_AIM OF THE EXERCISE_
With the pictures left out, return exactly the lines from the one containing "Liverpool Hospital is" through the end of the listing below.

===

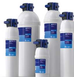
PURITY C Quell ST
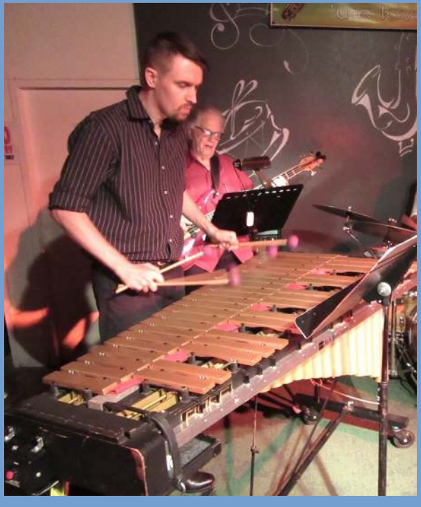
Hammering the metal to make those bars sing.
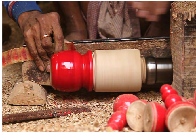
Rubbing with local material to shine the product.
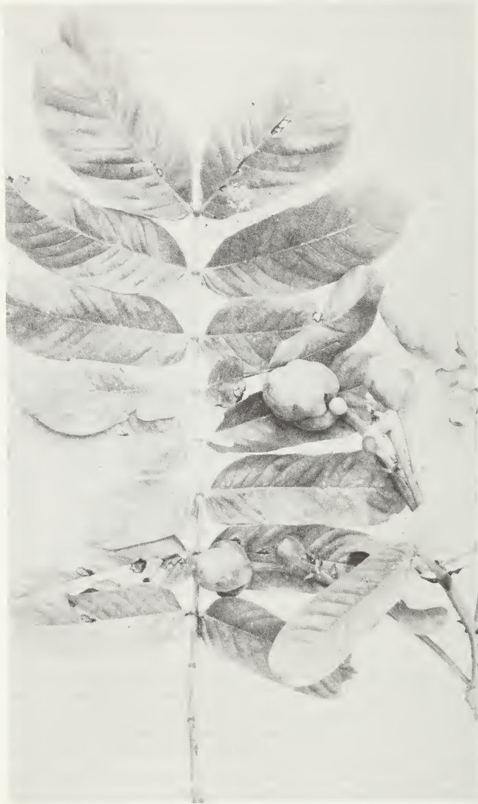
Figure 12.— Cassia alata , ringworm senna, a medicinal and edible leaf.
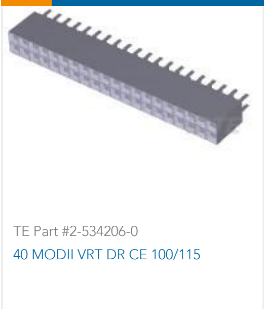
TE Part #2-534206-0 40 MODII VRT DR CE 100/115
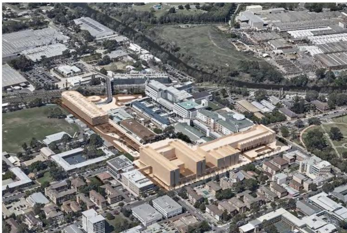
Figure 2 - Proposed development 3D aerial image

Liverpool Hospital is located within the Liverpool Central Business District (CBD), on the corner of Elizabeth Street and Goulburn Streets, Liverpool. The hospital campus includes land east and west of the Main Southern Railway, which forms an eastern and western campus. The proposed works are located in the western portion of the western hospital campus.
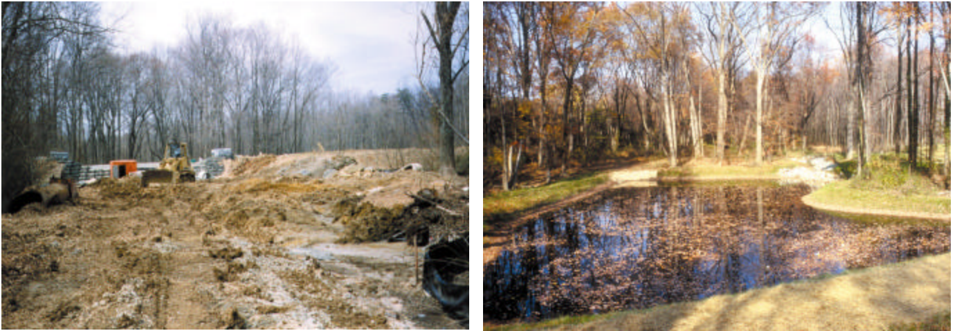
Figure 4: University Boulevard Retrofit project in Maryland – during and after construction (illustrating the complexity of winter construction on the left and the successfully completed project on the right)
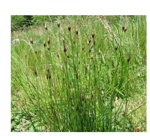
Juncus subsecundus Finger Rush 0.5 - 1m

===

_YOUR SOLUTION_
Liverpool Hospital is located within the Liverpool Central Business District (CBD), on the corner of Elizabeth Street and Goulburn Streets, Liverpool. The hospital campus includes land east and west of the Main Southern Railway, which forms an eastern and western campus. The proposed works are located in the western portion of the western hospital campus.
Figure 4: University Boulevard Retrofit project in Maryland – during and after construction (illustrating the complexity of winter construction on the left and the successfully completed project on the right)
Juncus subsecundus Finger Rush 0.5 - 1m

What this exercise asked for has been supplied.